Dr. iur. Wolfram Viefhues
Rz. 316
Bei § 1579 BGB wird vielfach vereinfachend von der Verwirkung des Unterhaltsanspruchs gesprochen. Die Sanktionen nach § 1579 BGB müssen aber nicht endgültig sein. Je nach Härteklausel, der Dauerwirkung, der Zumutbarkeit und Billigkeit sowie nach den Umständen des Einzelfalles können verwirkte Unterhaltsansprüche — ganz oder teilweise – wieder aufleben. Das Wiederaufleben des Anspruchs ist allerdings die Ausnahme.
Rz. 317
Insbesondere bei § 1579 Nr. 2 – neue Partnerschaft – ist aber anerkannt, dass der Anspruch bei Wegfall der Voraussetzungen – also der Beendigung der neuen Partnerschaft – wieder aufleben kann.
Zitat
OLG Düsseldorf, Beschl. v. 11.5.2020 – II-3 UF 14/20
Ein Wiederaufleben des einmal gem. § 1579 Nr. 2 BGB verwirkten Anspruchs auf Aufstockungsunterhalt kommt nur ausnahmsweise in Betracht, wenn trotz der für eine gewisse Zeit verfestigten neuen Lebensgemeinschaft noch ein Maß an nachehelicher Solidarität gefordert werden kann, das eine fortdauernde nacheheliche Unterhaltspflicht rechtfertigen kann.

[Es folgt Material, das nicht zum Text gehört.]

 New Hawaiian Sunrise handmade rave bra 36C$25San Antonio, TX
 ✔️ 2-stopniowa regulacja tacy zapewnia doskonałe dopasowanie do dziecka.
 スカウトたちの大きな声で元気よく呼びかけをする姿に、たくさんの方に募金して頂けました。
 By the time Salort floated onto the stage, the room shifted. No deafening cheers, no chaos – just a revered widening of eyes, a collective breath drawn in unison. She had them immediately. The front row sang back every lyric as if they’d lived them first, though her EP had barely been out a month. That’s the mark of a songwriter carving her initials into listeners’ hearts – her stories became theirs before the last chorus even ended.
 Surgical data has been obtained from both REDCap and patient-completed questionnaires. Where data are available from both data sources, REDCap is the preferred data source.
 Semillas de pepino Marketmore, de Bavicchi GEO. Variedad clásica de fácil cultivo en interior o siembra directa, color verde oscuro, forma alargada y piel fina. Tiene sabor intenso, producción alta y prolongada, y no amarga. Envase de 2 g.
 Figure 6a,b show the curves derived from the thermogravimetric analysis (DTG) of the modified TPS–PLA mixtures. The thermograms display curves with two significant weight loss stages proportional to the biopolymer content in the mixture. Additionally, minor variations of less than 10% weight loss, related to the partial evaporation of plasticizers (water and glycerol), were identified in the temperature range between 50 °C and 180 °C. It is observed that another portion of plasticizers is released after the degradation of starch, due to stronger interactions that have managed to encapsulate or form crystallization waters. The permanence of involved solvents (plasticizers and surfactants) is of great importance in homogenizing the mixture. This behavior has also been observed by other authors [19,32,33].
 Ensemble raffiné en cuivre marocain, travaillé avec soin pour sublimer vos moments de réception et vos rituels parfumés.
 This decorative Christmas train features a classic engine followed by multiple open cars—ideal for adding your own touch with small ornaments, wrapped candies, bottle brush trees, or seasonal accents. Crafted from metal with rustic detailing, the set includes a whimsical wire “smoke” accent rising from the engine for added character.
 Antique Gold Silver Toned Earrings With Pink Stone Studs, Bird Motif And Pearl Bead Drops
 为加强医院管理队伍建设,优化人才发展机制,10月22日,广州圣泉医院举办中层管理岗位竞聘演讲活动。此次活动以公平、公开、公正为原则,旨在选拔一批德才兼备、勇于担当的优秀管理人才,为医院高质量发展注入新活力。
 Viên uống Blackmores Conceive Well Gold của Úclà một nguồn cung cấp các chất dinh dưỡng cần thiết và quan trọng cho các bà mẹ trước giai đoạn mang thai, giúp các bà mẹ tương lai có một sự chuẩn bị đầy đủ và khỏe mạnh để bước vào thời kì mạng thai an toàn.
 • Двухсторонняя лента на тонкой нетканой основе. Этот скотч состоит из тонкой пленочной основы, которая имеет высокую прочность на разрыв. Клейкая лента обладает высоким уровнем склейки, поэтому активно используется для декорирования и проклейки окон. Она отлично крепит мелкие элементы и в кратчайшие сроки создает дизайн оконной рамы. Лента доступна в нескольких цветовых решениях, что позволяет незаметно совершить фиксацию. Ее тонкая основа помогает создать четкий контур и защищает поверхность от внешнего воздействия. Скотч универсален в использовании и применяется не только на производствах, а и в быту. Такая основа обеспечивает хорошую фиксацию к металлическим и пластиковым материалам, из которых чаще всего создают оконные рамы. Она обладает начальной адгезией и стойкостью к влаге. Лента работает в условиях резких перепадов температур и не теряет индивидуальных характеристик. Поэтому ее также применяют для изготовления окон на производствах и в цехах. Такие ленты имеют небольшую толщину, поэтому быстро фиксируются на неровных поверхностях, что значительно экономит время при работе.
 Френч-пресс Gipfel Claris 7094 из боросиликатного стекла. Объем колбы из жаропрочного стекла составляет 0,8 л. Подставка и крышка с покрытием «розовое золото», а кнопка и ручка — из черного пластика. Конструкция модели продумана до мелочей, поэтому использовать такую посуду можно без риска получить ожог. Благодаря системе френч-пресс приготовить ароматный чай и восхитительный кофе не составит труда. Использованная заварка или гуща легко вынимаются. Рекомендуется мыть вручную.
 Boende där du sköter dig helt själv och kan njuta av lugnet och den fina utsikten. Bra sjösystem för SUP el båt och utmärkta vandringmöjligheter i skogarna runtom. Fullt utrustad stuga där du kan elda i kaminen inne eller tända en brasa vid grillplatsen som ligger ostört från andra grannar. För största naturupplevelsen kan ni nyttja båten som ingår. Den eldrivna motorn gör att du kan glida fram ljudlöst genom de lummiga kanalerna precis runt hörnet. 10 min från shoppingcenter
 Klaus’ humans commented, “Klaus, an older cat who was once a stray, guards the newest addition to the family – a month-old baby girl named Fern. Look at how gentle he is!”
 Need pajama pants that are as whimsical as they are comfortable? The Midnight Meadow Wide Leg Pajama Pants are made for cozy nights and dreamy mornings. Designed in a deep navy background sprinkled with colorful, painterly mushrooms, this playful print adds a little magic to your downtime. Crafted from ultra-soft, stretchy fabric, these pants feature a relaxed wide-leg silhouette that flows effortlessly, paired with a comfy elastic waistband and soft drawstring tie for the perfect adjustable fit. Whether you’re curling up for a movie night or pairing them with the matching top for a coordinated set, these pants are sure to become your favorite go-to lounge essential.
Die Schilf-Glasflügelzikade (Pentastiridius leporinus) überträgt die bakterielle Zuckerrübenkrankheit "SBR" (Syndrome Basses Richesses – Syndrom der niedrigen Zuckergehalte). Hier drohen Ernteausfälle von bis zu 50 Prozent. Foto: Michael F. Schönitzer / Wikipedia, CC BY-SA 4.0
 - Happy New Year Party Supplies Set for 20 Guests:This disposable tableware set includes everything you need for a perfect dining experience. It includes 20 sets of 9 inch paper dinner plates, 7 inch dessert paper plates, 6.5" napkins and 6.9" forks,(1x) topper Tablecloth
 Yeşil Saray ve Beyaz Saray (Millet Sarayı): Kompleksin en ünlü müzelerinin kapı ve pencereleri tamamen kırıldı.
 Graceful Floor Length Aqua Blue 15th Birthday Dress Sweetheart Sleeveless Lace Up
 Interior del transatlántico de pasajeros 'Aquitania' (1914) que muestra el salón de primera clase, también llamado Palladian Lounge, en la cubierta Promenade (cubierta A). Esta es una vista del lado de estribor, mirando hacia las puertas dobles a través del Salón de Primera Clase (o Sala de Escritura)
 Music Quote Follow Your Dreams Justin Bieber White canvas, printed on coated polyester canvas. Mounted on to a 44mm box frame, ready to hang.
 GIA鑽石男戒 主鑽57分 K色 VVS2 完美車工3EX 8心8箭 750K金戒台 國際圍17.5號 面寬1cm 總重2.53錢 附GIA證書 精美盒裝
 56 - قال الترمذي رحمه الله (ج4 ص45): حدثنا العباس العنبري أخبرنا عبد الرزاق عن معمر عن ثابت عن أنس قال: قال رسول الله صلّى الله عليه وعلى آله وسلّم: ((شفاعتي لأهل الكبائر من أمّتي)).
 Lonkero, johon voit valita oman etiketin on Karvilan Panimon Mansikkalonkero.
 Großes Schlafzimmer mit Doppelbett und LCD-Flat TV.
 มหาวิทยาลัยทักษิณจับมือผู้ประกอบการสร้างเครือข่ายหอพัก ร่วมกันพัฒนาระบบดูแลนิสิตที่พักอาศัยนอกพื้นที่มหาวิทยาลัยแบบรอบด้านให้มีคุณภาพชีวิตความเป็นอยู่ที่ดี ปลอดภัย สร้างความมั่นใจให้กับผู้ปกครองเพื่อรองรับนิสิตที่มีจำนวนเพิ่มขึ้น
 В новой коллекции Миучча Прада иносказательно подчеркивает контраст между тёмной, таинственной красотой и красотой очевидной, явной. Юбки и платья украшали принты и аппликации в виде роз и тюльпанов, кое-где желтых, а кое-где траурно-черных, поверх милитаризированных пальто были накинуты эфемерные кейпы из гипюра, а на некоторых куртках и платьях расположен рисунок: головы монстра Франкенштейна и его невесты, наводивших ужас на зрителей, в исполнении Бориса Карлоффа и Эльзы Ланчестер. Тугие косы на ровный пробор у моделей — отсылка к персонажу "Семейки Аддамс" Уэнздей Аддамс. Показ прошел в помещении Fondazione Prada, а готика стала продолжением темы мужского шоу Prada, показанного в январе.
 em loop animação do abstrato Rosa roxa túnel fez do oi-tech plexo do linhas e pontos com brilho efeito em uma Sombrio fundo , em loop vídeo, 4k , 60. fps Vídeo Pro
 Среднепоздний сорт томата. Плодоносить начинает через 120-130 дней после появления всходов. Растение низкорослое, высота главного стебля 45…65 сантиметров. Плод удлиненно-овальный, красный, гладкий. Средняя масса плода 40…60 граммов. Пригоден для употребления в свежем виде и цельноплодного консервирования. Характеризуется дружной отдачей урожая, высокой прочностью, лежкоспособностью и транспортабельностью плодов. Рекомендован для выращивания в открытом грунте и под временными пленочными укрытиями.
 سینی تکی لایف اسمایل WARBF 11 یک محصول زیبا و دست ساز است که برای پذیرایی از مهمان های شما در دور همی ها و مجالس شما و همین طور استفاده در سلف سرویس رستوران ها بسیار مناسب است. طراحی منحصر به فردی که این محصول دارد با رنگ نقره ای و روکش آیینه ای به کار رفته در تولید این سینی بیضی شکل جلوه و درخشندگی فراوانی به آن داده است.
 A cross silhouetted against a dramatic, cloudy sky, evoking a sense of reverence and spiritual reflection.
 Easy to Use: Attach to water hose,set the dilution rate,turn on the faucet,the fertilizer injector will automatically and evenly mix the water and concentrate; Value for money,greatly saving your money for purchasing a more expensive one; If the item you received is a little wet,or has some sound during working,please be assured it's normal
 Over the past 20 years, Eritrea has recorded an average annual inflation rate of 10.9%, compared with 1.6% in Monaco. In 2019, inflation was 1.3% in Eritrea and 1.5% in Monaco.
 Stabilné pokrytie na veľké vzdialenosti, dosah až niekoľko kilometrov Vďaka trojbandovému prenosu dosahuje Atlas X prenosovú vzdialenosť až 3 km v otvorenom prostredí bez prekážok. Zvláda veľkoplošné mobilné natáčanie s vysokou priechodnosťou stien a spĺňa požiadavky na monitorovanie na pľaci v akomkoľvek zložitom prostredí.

Bei der in diesem Zusammenhang angezeigten umfassenden Würdigung kann gegen die Zumutbarkeit eines Wiedererstarkens des bereits verwirkten Unterhaltsanspruchs sprechen, wenn der/die Unterhaltsgläubiger/in nach Beendigung der einmal verfestigt gewesenen Lebensgemeinschaft (welche zur Verwirkung geführt hatte) erneut eine Beziehung eingegangen ist, die lediglich aufgrund des fehlenden Zeitablaufs noch nicht verfestigt ist
a) Voraussetzungen des Wiederauflebens des Anspruches
Rz. 318
Es ist umfassend zu prüfen, ob eine erneute Unterhaltsverpflichtung die Zumutbarkeitsgrenze überschreitet. Bei dieser erneuten Billigkeitsprüfung sind alle Umstände einzubeziehen.
Rz. 319
Von Bedeutung ist dabei, dass sich der Unterhaltsberechtigte durch die Aufnahme einer verfestigten neuen Lebensgemeinschaft aus der nachehelichen Solidarität der Ehegatten herausgelöst und zu erkennen gegeben hatte, dass er diese nicht mehr benötigt. Zu berücksichtigen ist auch, wie lange die Verhältnisse gedauert haben, die eine Unterhaltsgewährung als objektiv unzumutbar erscheinen ließen. Nach Beendigung einer verfestigten Lebensgemeinschaft ist regelmäßig nur noch sehr begrenzt eine nacheheliche Solidarität zu erwarten.
Rz. 320
Gegen ein Wiederaufleben des Unterhaltsanspruchs kann zudem sprechen, wenn der auf Unterhalt in Anspruch genommene Ehegatte im Vertrauen auf den endgültigen Wegfall der Unterhaltspflicht wirtschaftliche Dispositionen getroffen hat, die seine Leistungsfähigkeit beeinträchtigen, ohne dass er dies dem Unterhaltsgläubiger unterhaltsrechtlich entgegenhalten könnte.
b) Umfang des wiederauflebenden Anspruches
Rz. 321
Regelmäßig lebt allenfalls der Betreuungsunterhalt wieder auf. Für ein Wiederaufleben anderer Tatbestände fehlt es regelmäßig an einer Legitimation, während ein Wiederaufleben des Betreuungsunterhalts auf das schutzwürdige Interesse der gemeinsamen Kinder zurückzuführen ist.